Welcome to another edition of Security Corner. This month's topic is file uploads, and I focus on the mechanism you create to allow users to upload files to your application. Unlike typical form data, files are handled uniquely, and PHP uses the $_FILES array to provide you with all of the information you need. However, because it isn't very clear what information is provided by the client and what information is provided by PHP, a security-conscious developer can have a difficult time determining what data can be trusted.

This article takes a detailed look at file uploads, beginning with a brief discussion that walks you through the process and some example code that offers this feature. This is followed by a close examination of the mechanics of file uploads, and then I discuss the security risks inherent in this activity as well as some safeguards and best practices that you can implement in your own applications.

File Uploads

In order to let users upload files, you must present them with a typical HTML form. However, because files are not sent in the same way that regular form data is, you must specify a particular encoding:

  1. <form action="upload.php" method="POST" enctype="multipart/form-data">

The enctype attribute is often left out, so you might not be familiar with it. An HTTP request that includes both regular form data and files has a special format, and this attribute is necessary for the browser's compliance.

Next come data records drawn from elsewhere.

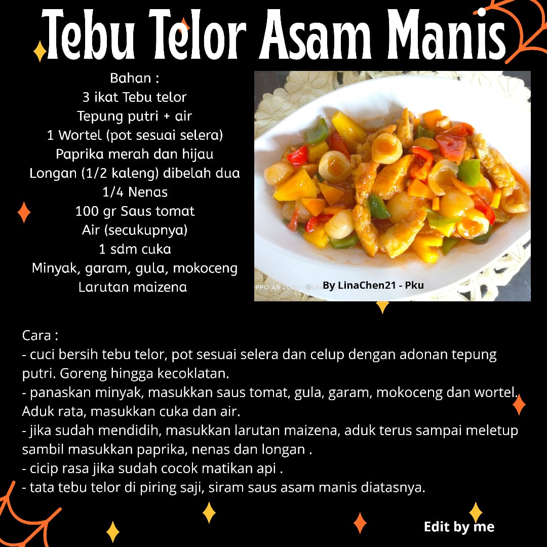 – tata tebu telor di piring saji, siram saus asam manis diatasnya.
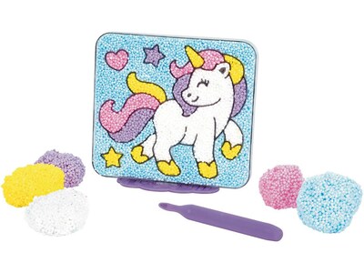 - Includes five colors, unicorn themed canvas with divided sections, squisher tool, and stand for display
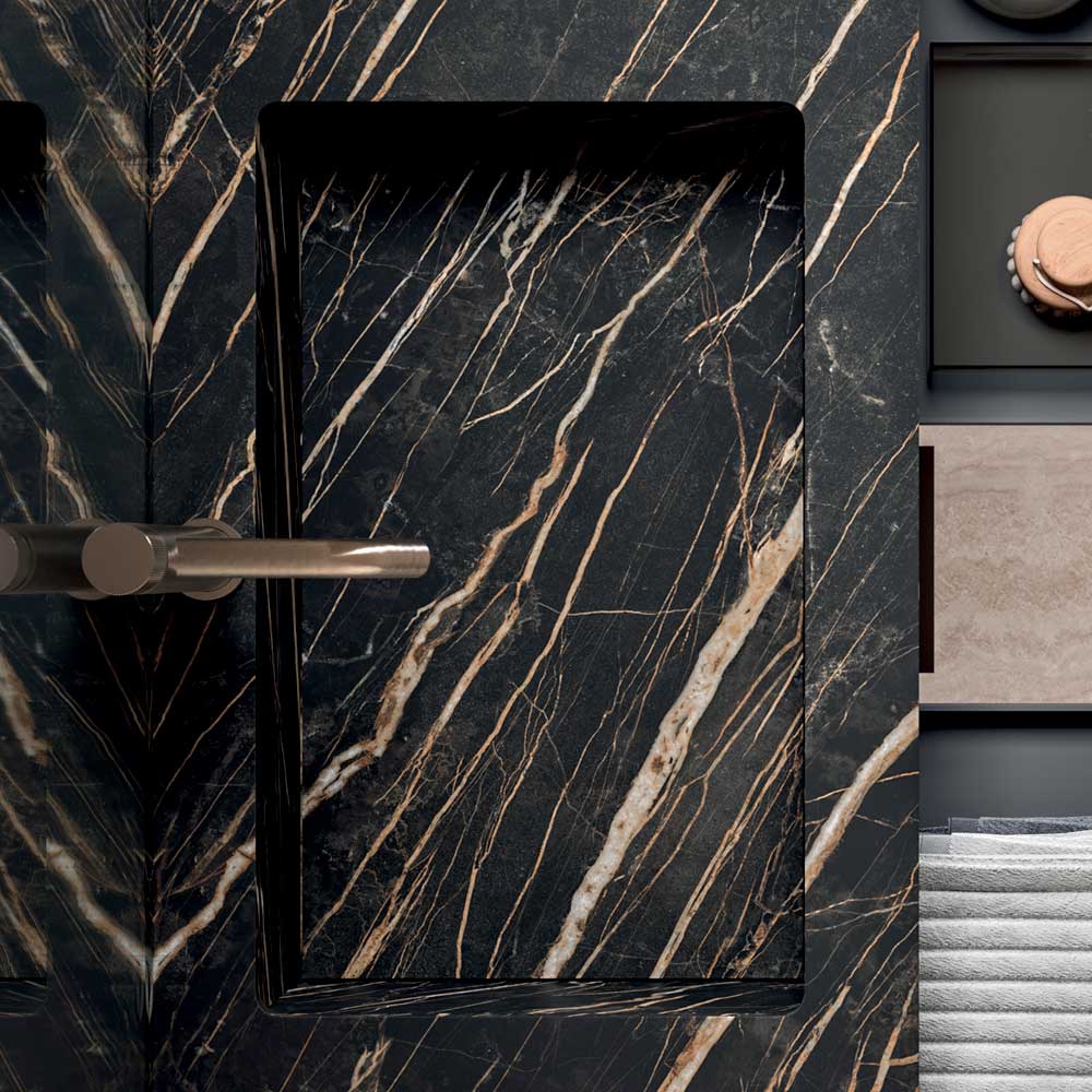 Kamionkowa umywalka nablatowa z wykończeniem imitującym ciemny kamień nadaje materiałowi silną tożsamość i gwarantuje wysoką wytrzymałość i trwałość, dzięki czemu idealnie nadaje się do codziennego użytku.

The form field for a file is actually very simple:

  1. <input type="file" name="attachment" />

This is rendered in various ways by the different browsers. Traditionally, the interface includes a standard text field as well as a browse button, so that the user can either enter the path to the file manually or browse for it. In Safari, only the browse option is available. Regardless, the behavior from a developer's perspective is the same, but you might want to be mindful of the differences in presentation, in case you have very specific instructions for the user.

To better illustrate a file upload, I present you with an example HTML form that can be used to allow users to upload attachments to a web-based email application:

  1. <p>Please choose a file to upload:</p>
  2. <form action="upload.php" method="POST" enctype="multipart/form-data">
  3. <input type="file" name="attachment" />
  4. <input type="submit" value="Upload Attachment" />
  5. </form>

The PHP directive upload_max_filesize can be used to limit the size of uploaded files, and post_max_size can potentially restrict this as well, because the file is part of the POST data.

Figure 1 shows how this form appears when rendered in a browser.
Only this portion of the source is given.